Мысли об этом приводили Лукомского в животное бешенство. Это оскорбляло его даже больше, чем драка на пристани.

«Они давно добивались этой минуты! – с гневом думал он. – Они только об этом и мечтали! Специально спровоцировали меня, чтобы отделаться!…»

У него, конечно, была надежда, что посланный им за нужными ему вещами человек будет принят Модзалевскими, как посредник для переговоров, и что они пришлют с ним, кроме вещей, свои объяснения или извинения. Но посланный человек был встречен как тень и не принёс от них никаких записок.

Что же теперь было делать?

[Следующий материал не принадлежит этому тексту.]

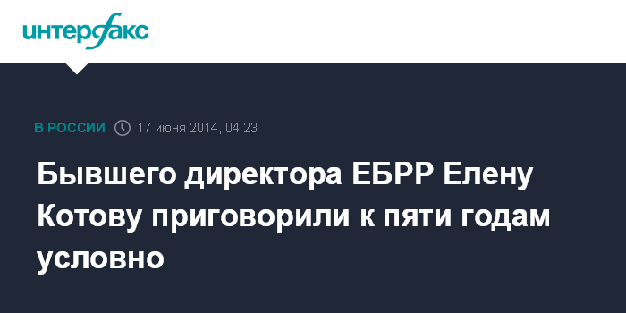 Москва. 17 июня. INTERFAX.RU - Симоновский суд Москвы приговорил экс-директора от России, Белоруссии и Таджикистана в Европейском банке реконструкции и развития (ЕБРР) Елену Котову к пяти годам лишения свободы условно, сообщает газета "Коммерсант".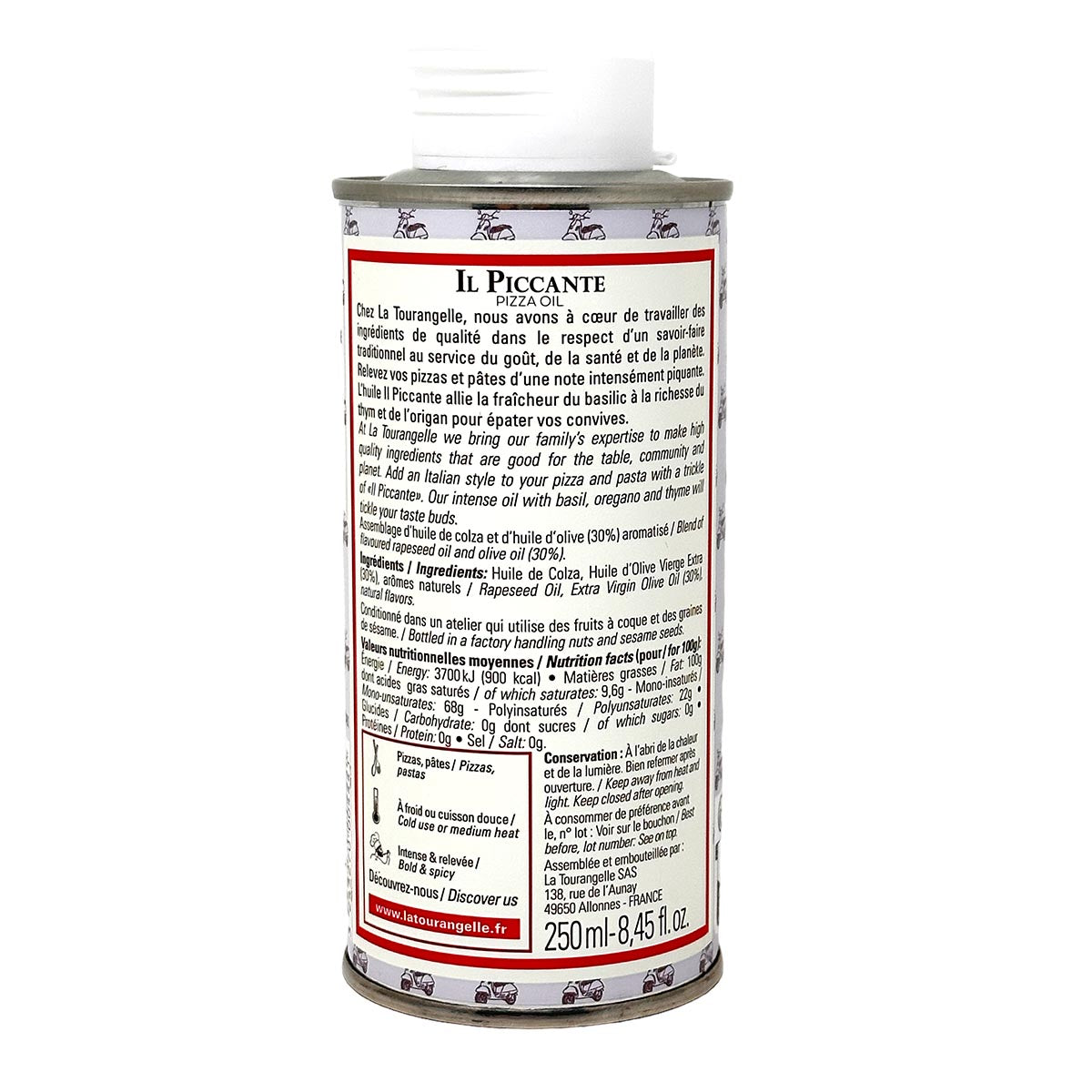 Dieses intensive und geschmackvolle Pizzaöl von LA TOURANGELLE wird in einer Ölmühle in Frankreich handgefertigt. Genießen Sie den köstlichen Geschmack von Basilikum und Oregano, dass in fruchtigem Extra Nativem Olivenöl eingegossen ist, mit einer Prise scharfem Chiligewürz. Ein wahrer Genuss! Verfeinert Sie mit diesem Pizzaöl 'Il Piccante' Ihre Pizza und Pastagerichte.

Невозможно же было просто взять и исчезнуть из их поля зрения, им на радость.

Суд удовлетворил лишь оскорблённую честь Лукомского, но кроме чести, поражённой насильственными действиями Модзалевского и ныне уже удовлетворённой, оставалось ещё очень много неудовлетворённого. У Модзалевских, кроме разного неодушевлённого движимого имущества, находился ещё и ребёнок.

Вот этот ребёнок и составлял теперь главный пункт мучительных соображений, недоумений и затруднений Лукомского.

О ребёнке Лукомский уже упоминал в этом смысле и ранее, во время одной из стычек с тестем, но тогда он, скорей на эмоциях, сболтнул лишнего. И серьёзных таких действий предпринимать не собирался. Теперь же это было совсем другое дело! Теперь ребёнка совершенно точно необходимо было забрать. Во-первых, этим Лукомский наносил Модзалевским, если уже на то пошло, наиболее чувствительный удар. Во-вторых, это необходимо было сделать для того, чтобы поддержать свой авторитет, как отца, в глазах общества. Только, и только, тогда он бы перестал иметь вид изгнанного и лишённого прав родителя. Ребёнок был необходимым оружием для полного восстановления его чести. Также отобрать ребёнка являлось важнейшим тактическим ходом в возникшей войне и вместе с тем чрезвычайно важным юридическим обстоятельством в социальном положении Лукомского.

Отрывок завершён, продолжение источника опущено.